Wordpoint --Part 5

Wordpoint
Part 5

Edwin Raymond Anderson

“Throughout the Ages People Have Had Trouble Handling the Truth. They Have Tried to Redefine It to Serve Their Purposes. They Have Even Questioned Whether There Is Such A Thing as Truth.”

This astute commentary upon one of the principal moral difficulties which have dogged the steps of man, was offered by Cheryl Forbes, who is an editorial consultant for evangelical publications. Henry Leyte was quite to the point when he offered the hymnodic word, “Change and decay in all around I see.” The fleet passage of time hath, for the every quick pause in particular periods along the way, beheld much in the way of change. The chronological marking for these “Latter times” (1 Timothy 4:1) and “last days” (2 Timothy 3:1) has been all too evident. The amazing advances in science and technology, which have caused the dreams of yesterday to become the doings of today, only underscore the Spirit-led wisdom of the prophet of the former times to aver that “knowledge shall be increased” (Daniel 12:4).

Yet, these are but the exterior of things, the brightness of surface movements. “Change and decay …” Ah! but ‘tis another matter and speaks to the interior. Beneath the brightness there is bitterness.

Without are the mechanics, but lurking deep within are the moralities and “decay” which are but the stained footprints of sin’s entrance upon these once-fair scenes (Romans 5:12) which but make a mockery of moral movements. The engineer may be a cad and a scoundrel, and with the fashioning of printouts there is the poison of lust.
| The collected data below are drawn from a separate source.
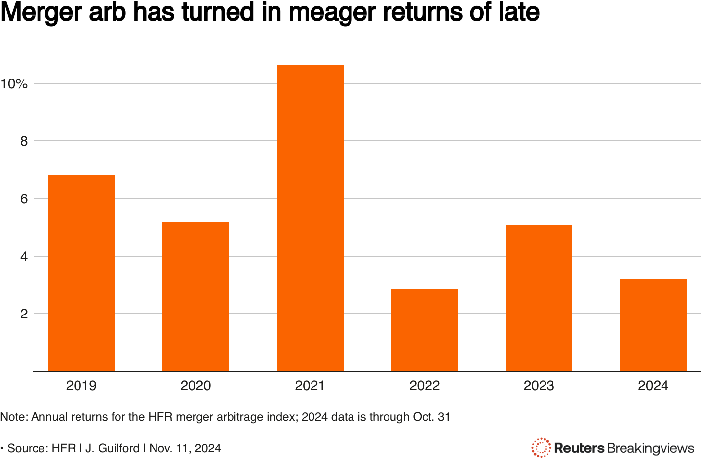 一名交易员在纽约证券交易所(NYSE)旁边的美国国旗下工作,在2024年11月6日,特朗普赢得美国总统选举后,地点在美国纽约市。路透社/安德鲁·凯利纽约,11月12日(路透社Breakingviews)- 合并套利中最大的赌注是糟糕的亏损潮将会结束。试图利用并购命运的对冲基金经理们受到激烈竞争监管者和交易稀缺的打击,无法平衡他们的投资组合。这两种趋势在当选总统特朗普的领导下应该会逆转,但他不可预测的风格意味着更多惊人的糟糕交易在等待着。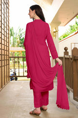 Make an elegant statement with this Art Silk Embroidered Kurti Pant Set. The delicate embroidery on the luxurious silk fabric offers a beautiful blend of tradition and modern style for your next celebration.
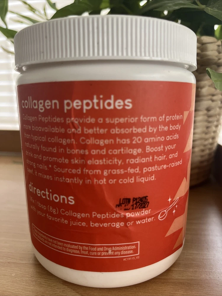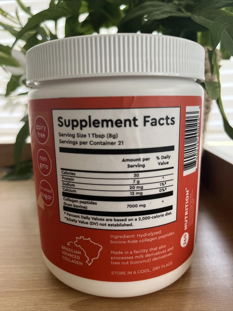 Type:Dietary SupplentMPN:4002Item Weight:6 ozFlavor:UnflavoredNumber of Pills:PowderUPC:840215400246Features:Grass Fed, Dairy free, Gluten free, no sugar addesDosage:1 Tbsp into 8 ounces of water, milk, or your favorite juicegtin13:840215400246Expiration Date:11/27Nutrition Facts Label:YesCountry/Region of Manufacture:United StatesFormulation:PowderActive Ingredients:Collagen PeptidesWhen to Take:DailyVolume:6 ozBrand:360 NutritionIngredients:CollagenType of Diet:Keto, PaleoMain Purpose:Anti-Aging, Bone & Joint Health, Digestive Support, Hair, Skin & Nail HealthDepartment:Adult, Unisex

Sin wears many faces, but the skeleton lurking beneath is ghastly and repulsive.

“Decay,” which is one of its workings too, wears many faces. One of these is the problem addressed by Cheryl Forbes. Truth has ever suffered poor passage through these scenes, but the suffering has been accentuated in these closing chronological slots of this vaunted 20th century. Lying has not only become a way of life but, rather, an accepted coin to be traded across the many-layered counters of contemporary society. Pilate would feel quite comfortable amidst the settings of today with the cynical raising of his question, “What is truth?” (John 18:38). Ron Hedron, the political commentator has said, “Truth is a bouncing ball.” Watergate is still too painfully fresh in too many memories.

“People have had trouble handling the truth.” But what is the nature of that trouble, and wherein the difficulty? Scripture speaks of those who “hold the truth in unrighteousness”(Romans 1:18), and the “unrighteousness” is measured by the “trouble handling the truth”; it is held “down” and there is the evil of suppression. The redefinings and questionings of which Cheryl Forbes speaks, the looseness of lying, cometh from that morality which dares not face the consequences of truth. There is the moral cowardice which cannot face the implications of that which is set forth, and modern man hurries to hide behind facades and artifices.

This is surely to be apprehended in the many-layered transactions of modern man. But here ‘tis the matter of temporal gain or loss. Truth-handling assumes tragic dimensions when the entire matter is transferred to the higher and more serious realm of spiritual verties. The drift and guilt and frustration experienced by moderns, despite his amusements and exercises, are but the sure consequences of his moral and sinful cowardice in squarely addressing himself to the established verties of the Word. Our Lord marked the determinant character of that Word when he declared, “Thy Word is truth” (John 17:17). “But as God is true (the) word toward you was not yea and nay” (2 Corinthians 1:18).

Of course it is to be realized that “the god of this world hath blinded the minds of them who believe not” (2 Corinthians 4:4); the “blinded” is in the nature of a paralyzing fog. It remains as an imperative for the believer to beseech the convicting power for those held in the bubble-exercise of truth-twisting. Modern man must realize that his soul cannot suffer the same treatment as his body. The commerce of truth travels in quite the more serious lane. He but cheapens and imperils himself by the confusion, and lying to one’s self is but the poorest of exercises to effect progress in that area when the things and traffic of earth are terminated.